Intersection Types, Sub-formula Property, and the Functional Character of the Lambda Calculus

Intersection Types, Sub-formula Property, and the Functional Character of the Lambda Calculus

Last December I proved that my graph model of the lambda calculus, once suitable restricted, is deterministic. That is, I defined a notion of consistency between values, written \(v_1 \sim v_2\), and showed that any two outputs of the same program are consistent.
Theorem (Determinism)
If \(v \in {\mathcal{E}{[\![ e ]\!]}}\rho\), \(v' \in {\mathcal{E}{[\![ e ]\!]}}\rho'\), and \(\rho \sim \rho'\), then \(v \sim v'\).
Recall that values are integers or finite relations; consistency for integers is equality and consistency for relations means mapping consistent inputs to consistent outputs. I then restricted values to be well formed, meaning that they must be consistent with themselves (and similarly for their parts).

Having proved the Determinism Theorem, I thought it would be straightforward to prove the following related theorem about the join of two values.
Theorem (Join)
If \(v \in {\mathcal{E}{[\![ e ]\!]}}\rho\), \(v' \in {\mathcal{E}{[\![ e ]\!]}}\rho'\), \(\rho\) is well formed, \(\rho'\) is well formed, and \(\rho \sim \rho'\),
then \(v \sqcup v' \in {\mathcal{E}{[\![ e ]\!]}}(\rho\sqcup\rho')\).
I am particularly interested in this theorem because \(\beta\)-equality can be obtained as a corollary. \[{\mathcal{E}{[\![ ({\lambda x.\,}e){\;}e' ]\!]}}\rho = {\mathcal{E}{[\![ [x{:=}e']e ]\!]}}\rho\] This would enable the modeling of the call-by-name \(\lambda\)-calculus and it would also enable the use of \(\beta\)-equality in a call-by-value setting when \(e'\) is terminating (instead of restricting \(e'\) to be a syntactic value).

Recall that we have defined a partial order \(\sqsubseteq\) on values, and that, in most partial orders, there is a close connection between notions of consistency and least upper bounds (joins).
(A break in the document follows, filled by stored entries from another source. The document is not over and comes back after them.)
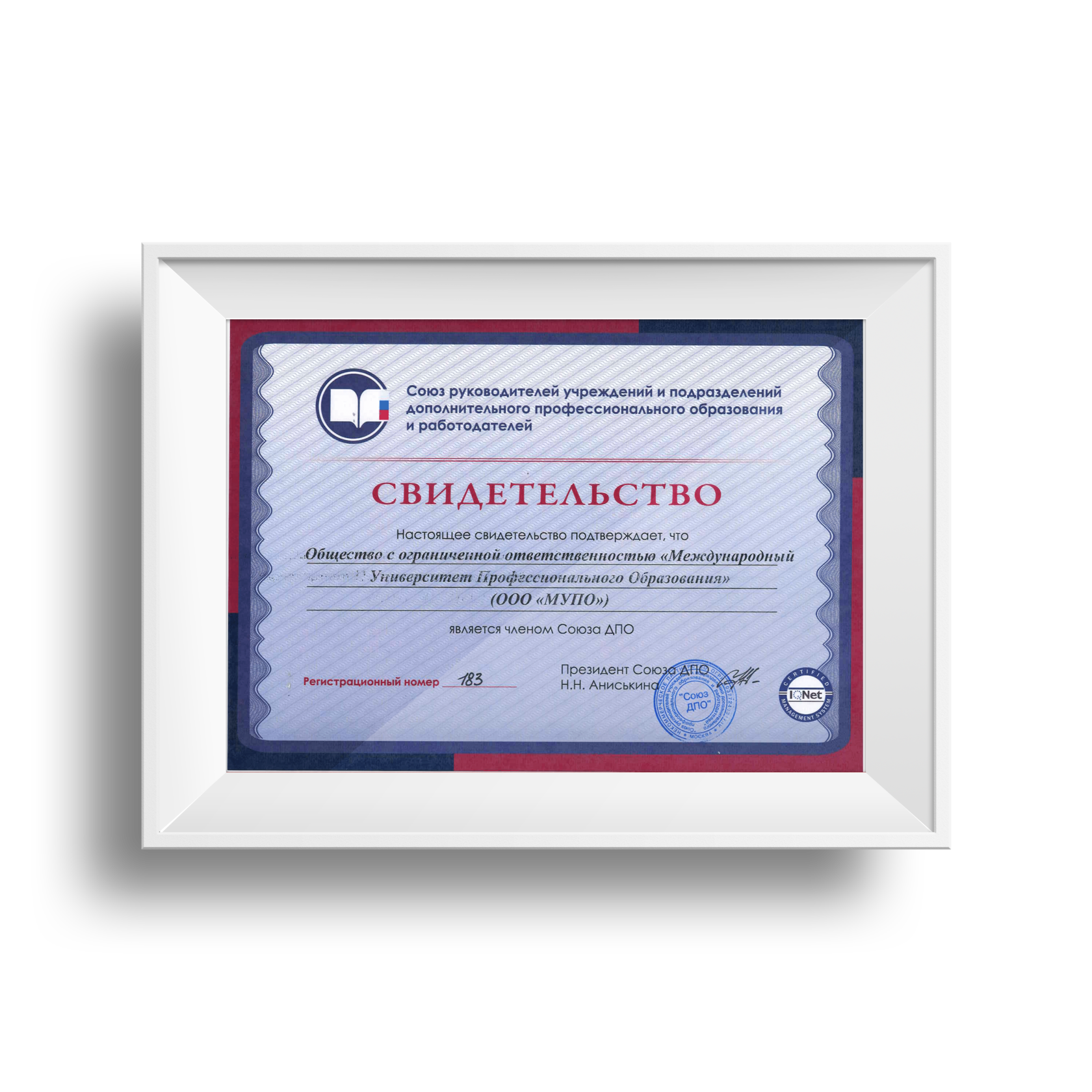 Общество с ограниченной ответственностью "Международный Университет Профессионального Образования" предоставляет образовательные услуги в сфере дополнительного профессионального образования профессиональной переподготовки и повышения квалификации по программам: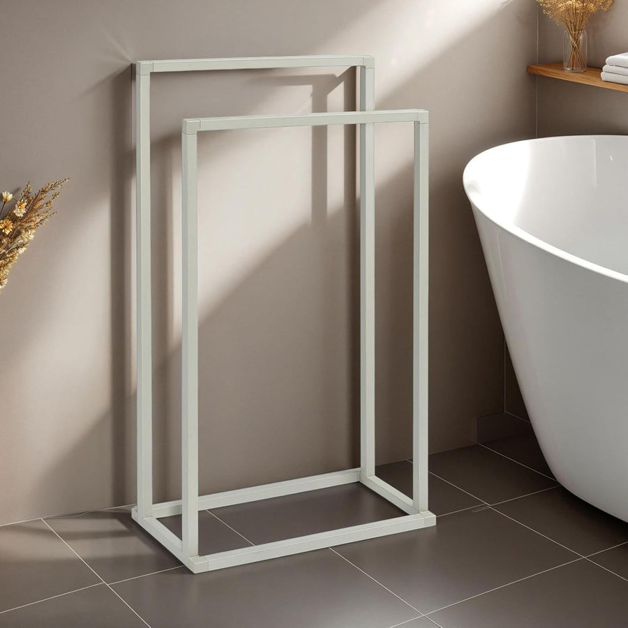 Handtuchhalter MAILO weiss - Handtuchständer mit 2 Stangen, Badetuchhalter freistehend und platzspar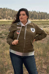 Junior Plus Aviator Military Green Retro Patches Long Sleeve Front Zipper Bomber Jacket /1-1-1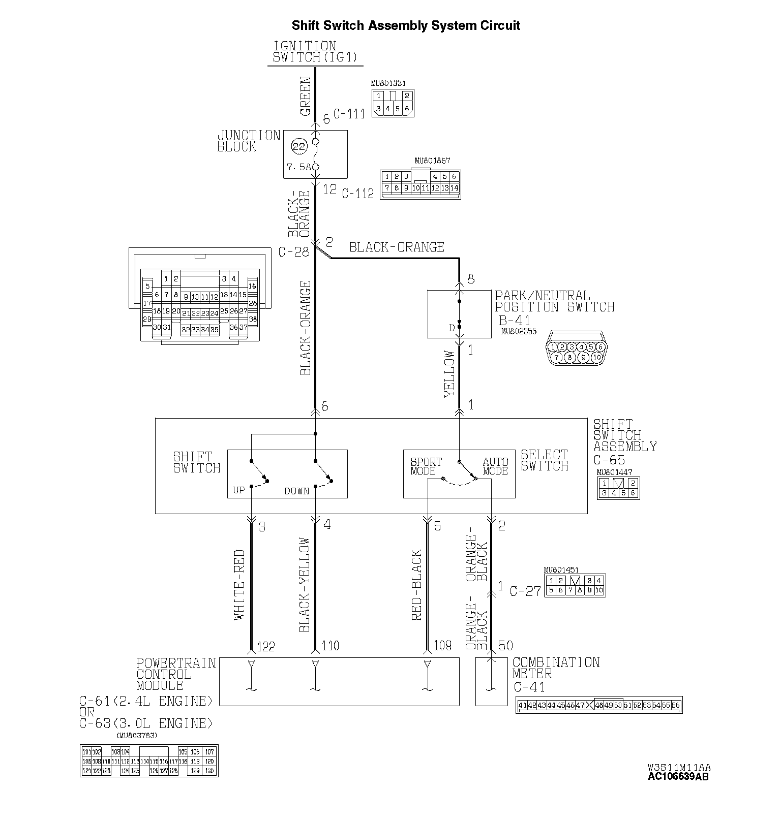 STEP 15. Check the harness for open circuit or short circuit to ground between PCM connector C-61 <2.4L Engine> or C-63 <3.0L Engine> terminal 109 and shift switch assembly connector C-65 terminal 5.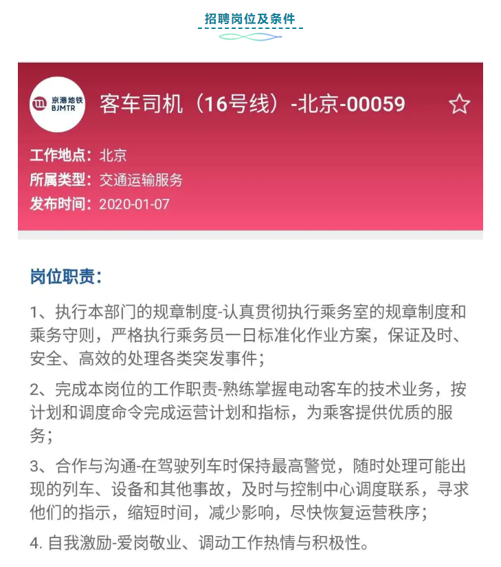北京京港地铁有限公司发布招聘公告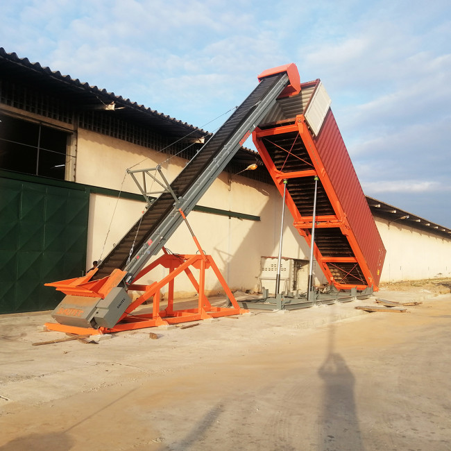 Le basculeur de containers 40 pieds permet un chargement par gravité des produits granulaires et des déchets ferreux et non ferreux. L’inclinaison des conteneurs permet un chargeme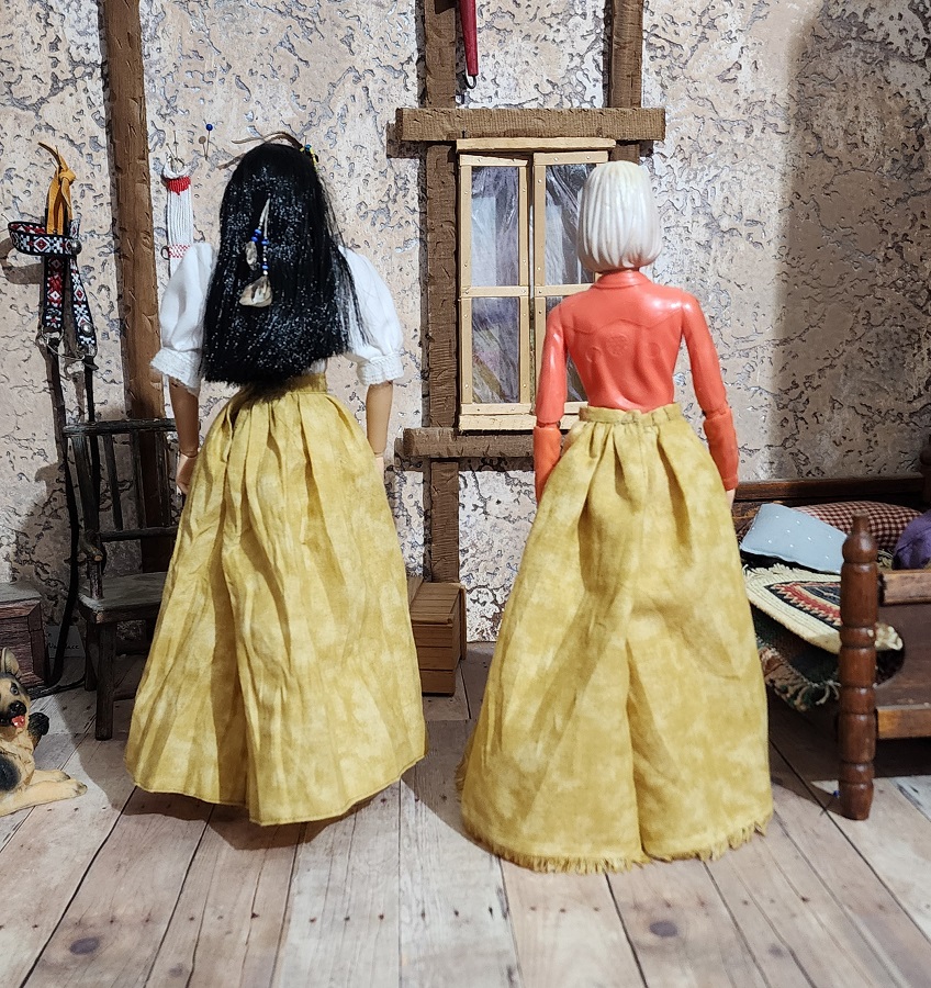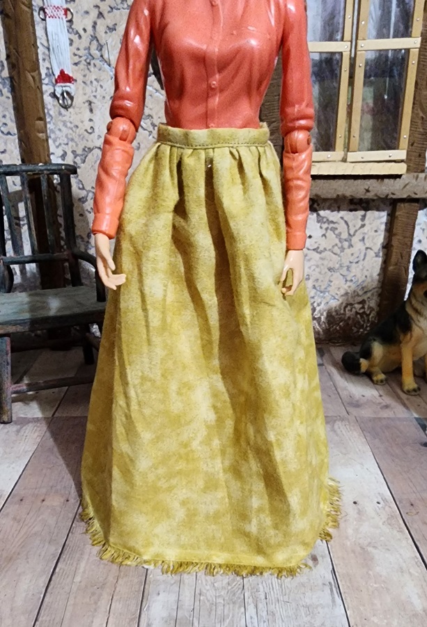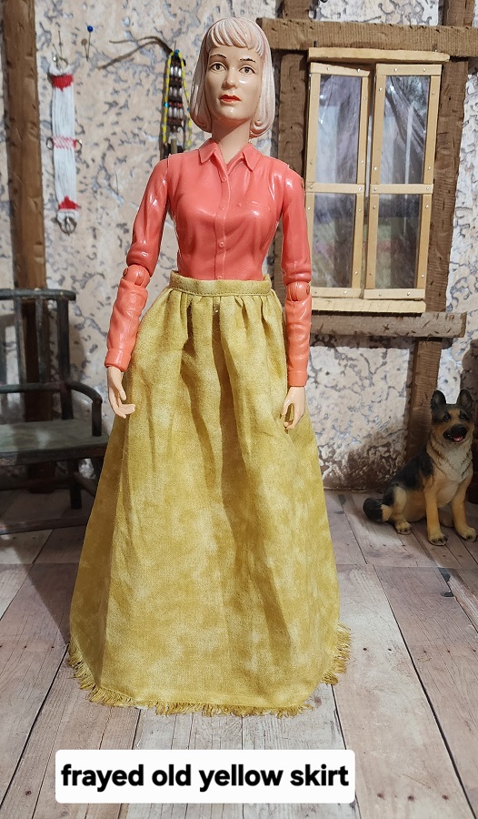 I made 2 styles. One has a hemmed bottom, the other has a frayed bottom. Your choice of 1. They will fit most female figures. The fabric is the same as my old yellow dusters.

One typically has that \(v \sim v'\) iff \(v \sqcup v'\) exists. So my thinking was that it should be easy to adapt my proof of the Determinism Theorem to prove the Join Theorem, and I set out hoping to finish in a couple weeks. Hah! Here we are 8 months later and the proof is complete; it was a long journey that ended up depending on a result that was published just this summer, concerning intersection types, the sub-formula property, and cut elimination by Olivier Laurent. In this blog post I’ll try to recount the journey and describe the proof, hopefully remembering the challenges and motivations. Here is a tar ball of the mechanization in Isabelle and in pdf form.
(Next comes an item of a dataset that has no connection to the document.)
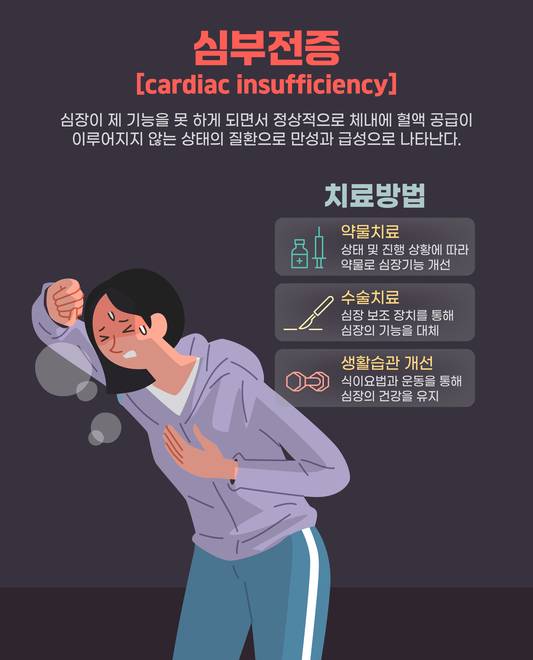 심부전의 원인은 첫째, '반복적인 심근경색'이다. 심근경색은 심장근육으로 혈액을 공급하는 관상동맥이 좁아져 발생한다. 여러 번 겪으면 심장근육이 손상되면서 심장 기능이 떨어진다. 둘째, 심장 근육이 선천적으로 약한 '확장성 심근증'이다. 이 질환이 있으면 나이가 들면서 심장의 기능이 빠르게 떨어질 수 있다. 셋째, 맥박이 갑자기 불규칙해지는 '부정맥'이다. 특히 맥박이 평소보다 2배 가까이 빨라진 부정맥이 지속되면 심장이 지치면서 심부전이 유발될 수 있다. 그 밖에 고혈압, 판막질환, 과도한 음주, 스트레스, 항암 치료 약물 등도 심부전의 원인이 될 수 있다.

Many of the challenges revolved around the definitions of \(\sqsubseteq\), consistency, and \(\sqcup\). Given that I already had definitions for \(\sqsubseteq\) and consistency, the obvious thing to try was to define \(\sqcup\) such that it would be the least upper bound of \(\sqsubseteq\). So I arrived at this partial function: \[\begin{aligned} n \sqcup n &= n \\ f_1 \sqcup f_2 &= f_1 \cup f_2\end{aligned}\] Now suppose we prove the Join Theorem by induction on \(e\) and consider the case for application: \(e = (e_1 {\;}e_2)\). From \(v \in {\mathcal{E}{[\![ e_1 {\;}e_2 ]\!]}}\) and \(v' \in {\mathcal{E}{[\![ e_1 {\;}e_2 ]\!]}}\) we have

  • \(f \in {\mathcal{E}{[\![ e_1 ]\!]}}\rho\), \(v_2 \in {\mathcal{E}{[\![ e_2 ]\!]}}\rho\), \(v_3 \mapsto v_4 \in f\), \(v_3 \sqsubseteq v_2\), and \(v \sqsubseteq v_4\) for some \(f, v_2, v_3, v_4\).

  • \(f' \in {\mathcal{E}{[\![ e_2 ]\!]}}\rho'\), \(v'_2 \in {\mathcal{E}{[\![ e_2 ]\!]}}\rho'\), \(v'_3 \mapsto v'_4 \in f\), \(v'_3 \sqsubseteq v'_2\), and \(v' \sqsubseteq v'_4\) for some \(f', v'_2, v'_3, v'_4\).

By the induction hypothesis we have \(f \sqcup f' \in {\mathcal{E}{[\![ e_1 ]\!]}}\) and \(v_2 \sqcup v'_2 \in {\mathcal{E}{[\![ e_2 ]\!]}}\). We need to show that \[v''_3 \mapsto v''_4 \in f \sqcup f' \qquad v''_3 \sqsubseteq v_2 \sqcup v'_2 \qquad v \sqcup v' \sqsubseteq v''_4\] But here we have a problem. Given our definition of \(\sqcup\) in terms of set union, there won’t necessarily be a single entry in \(f \sqcup f'\) that combines the information from both \(v_3 \mapsto v_4\) and \(v'_3 \mapsto v'_4\). After all, \(f \sqcup f'\) contains all the entries of \(f\) and all the entries of \(f'\), but the set union operation does not mix together information from entries in \(f\) and \(f'\) to form new entries.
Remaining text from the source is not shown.